==== Entries supplied

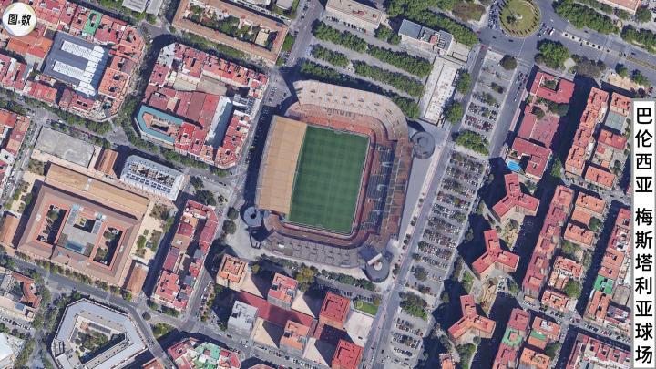 巴伦西亚的主场是梅斯塔利亚球场,得名于当地历史上颇为重要的梅斯塔利亚灌溉渠(Acequia de Mestalla),其建成于1923年,距今将近100年,目前的容量是4万多人。同时,巴伦西亚正在城西营造未来的主场——新梅斯塔利亚球场。
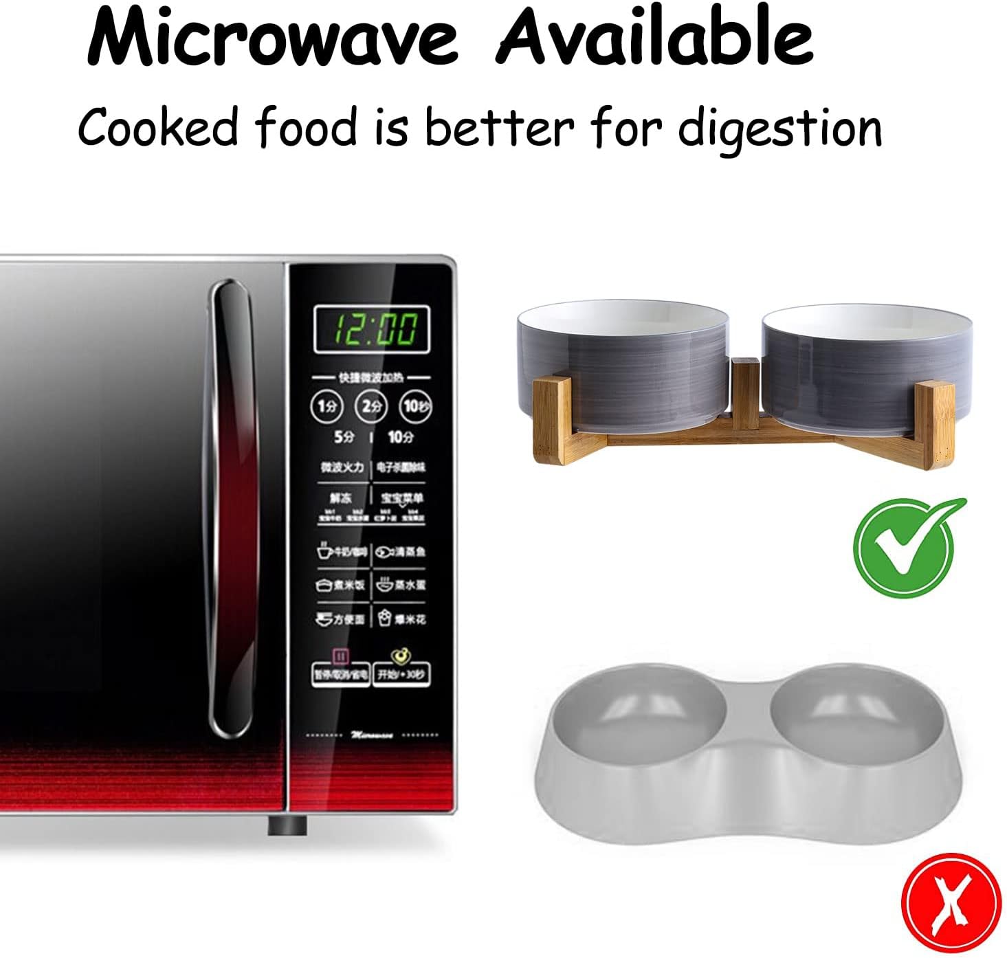 • Double Bowl Design:One dog bowl for food and one for water, Each ceramic cat bowl has a Unique wooden stand, raising the dishes closer to your pet for more comfortable eating
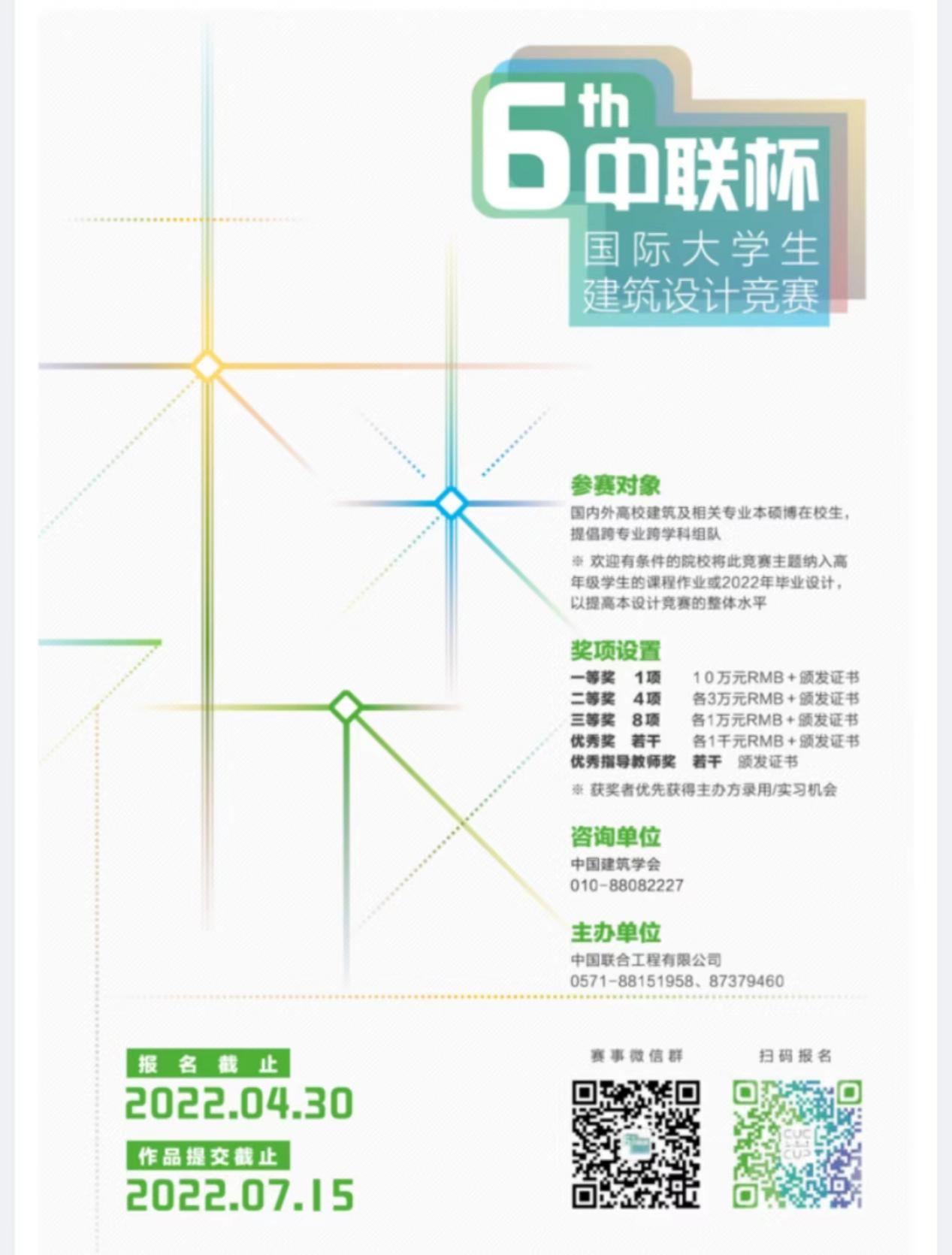 作品提交截止时间:2022年7月15日请将参赛作品图板及光盘邮寄至中国联合工程有限公司地址:浙江省杭州市滨江区滨安路1060号中国联合工程有限公司※ 欢迎各大高校以院系为单位或以个人、小组为单位的方式进行报名。参赛人必须按本通知时间要求填写参赛报名回执表,报名后应按时提交参赛方案。本次竞赛免交报名费。
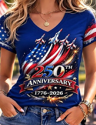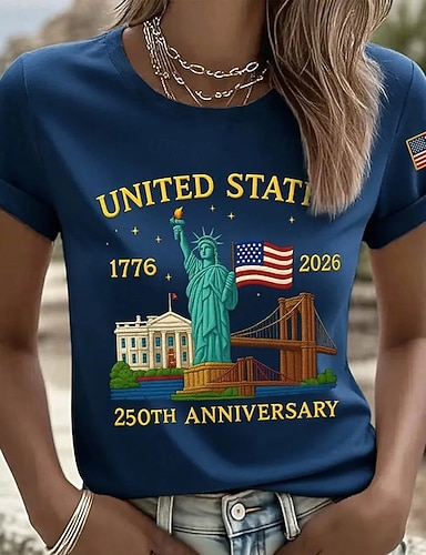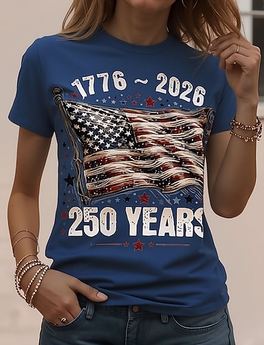 Amerikanischer Unabhängigkeitstag Damen T Shirt T-Shirt Druck Grafik Stern Mode Stilvoll Klassisch Kurzarm Ein-Schulter Normale Oberteile Täglich Ausgehen Wochenende Blau Rote Sommer Frühling
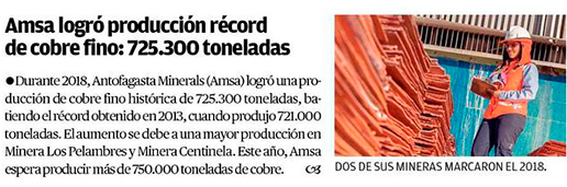 Antofagasta Minerals alcanzó récord de toneladas de cobre en 2018 - (El Mostrador)
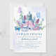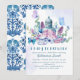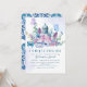 It's time for tea with the mum to be! This modern and elegant script typography baby shower invitation features a vintage style teapot kettle with watercolor flowers in blue,purple and pink with botanical foliage leaves and greenery with watercolor blue background.A Perfect baby shower tea party invitations.The back of the card is blue and white antique pattern.
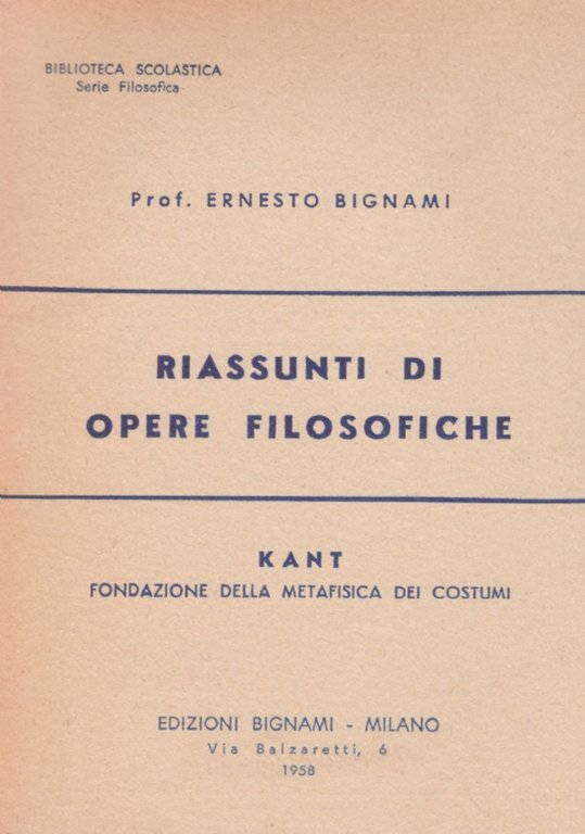 Riassunti di opere filosofiche: KANT. Fondazione della metafisica dei costumi
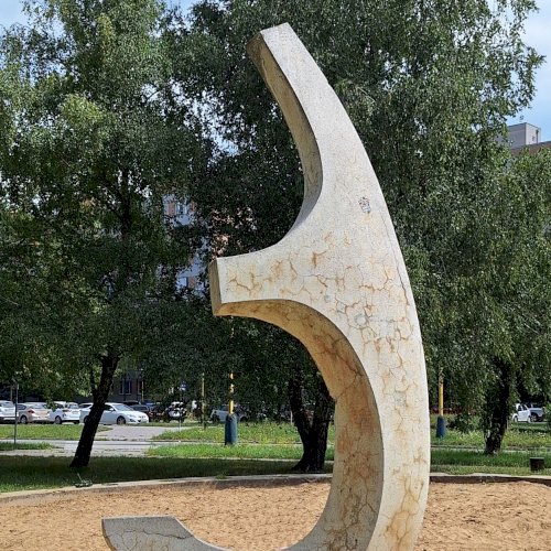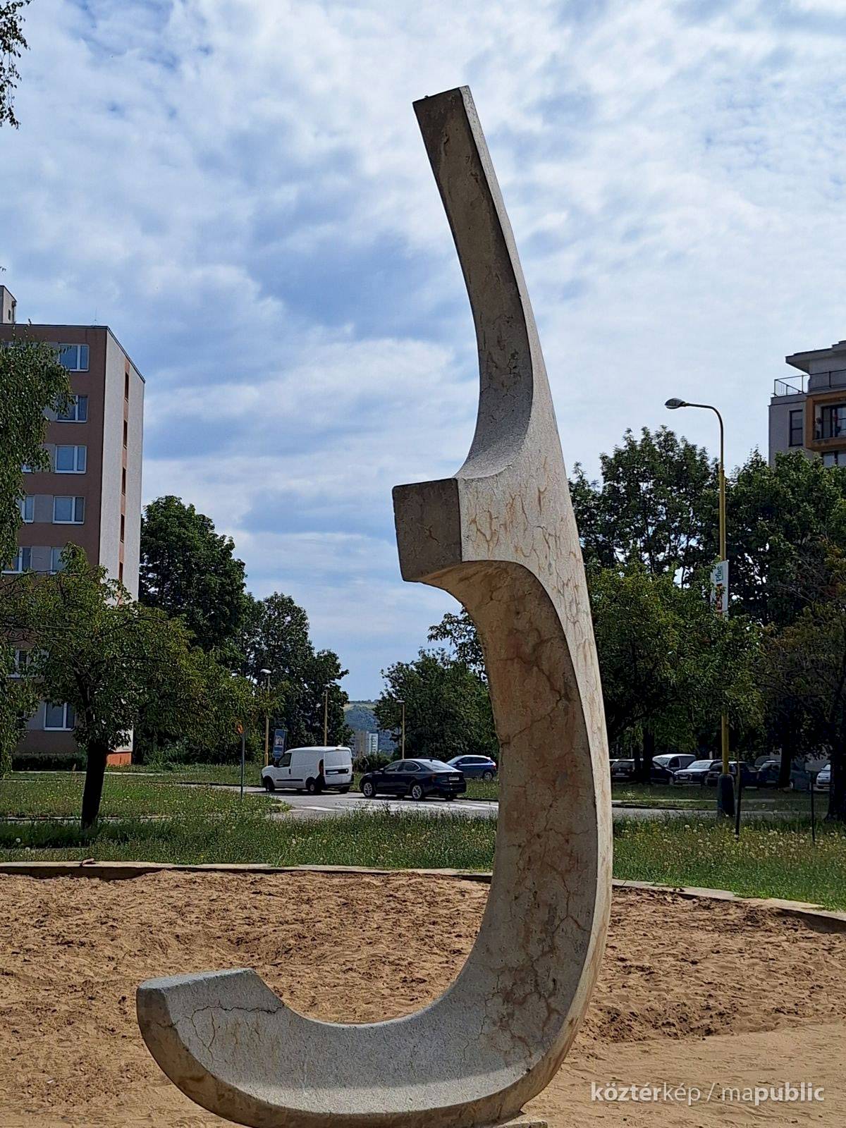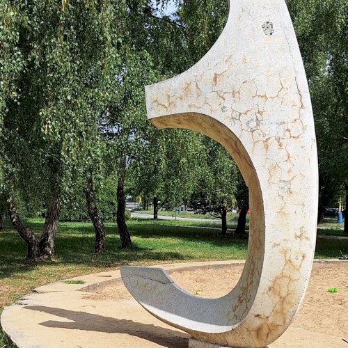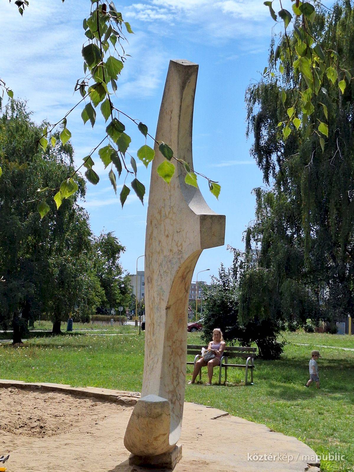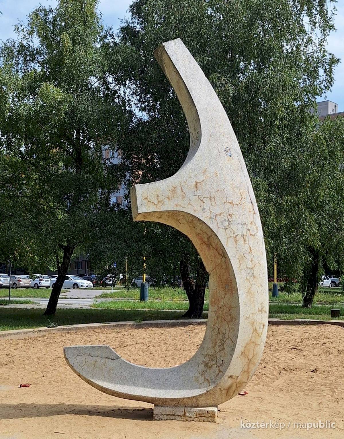 Máthé János kisplasztikái között gyakran találkozunk ezzel az alkotásával (12. fotó). Köztérre már a gömböt nem tette az alkotásába, gondolva, hogy a játszótéren majd kisgyerekek foglaljál el ott méltó helyüket.

========

◆ Problem details
Look back at the data above, then output exactly the lines from the line holding "more comfortable eating" up to and including the line holding "Antofagasta Minerals alcanzó". Leave out the pictures.

◆ Exercise output
 • Double Bowl Design:One dog bowl for food and one for water, Each ceramic cat bowl has a Unique wooden stand, raising the dishes closer to your pet for more comfortable eating
 作品提交截止时间:2022年7月15日请将参赛作品图板及光盘邮寄至中国联合工程有限公司地址:浙江省杭州市滨江区滨安路1060号中国联合工程有限公司※ 欢迎各大高校以院系为单位或以个人、小组为单位的方式进行报名。参赛人必须按本通知时间要求填写参赛报名回执表,报名后应按时提交参赛方案。本次竞赛免交报名费。
 Amerikanischer Unabhängigkeitstag Damen T Shirt T-Shirt Druck Grafik Stern Mode Stilvoll Klassisch Kurzarm Ein-Schulter Normale Oberteile Täglich Ausgehen Wochenende Blau Rote Sommer Frühling
 Antofagasta Minerals alcanzó récord de toneladas de cobre en 2018 - (El Mostrador)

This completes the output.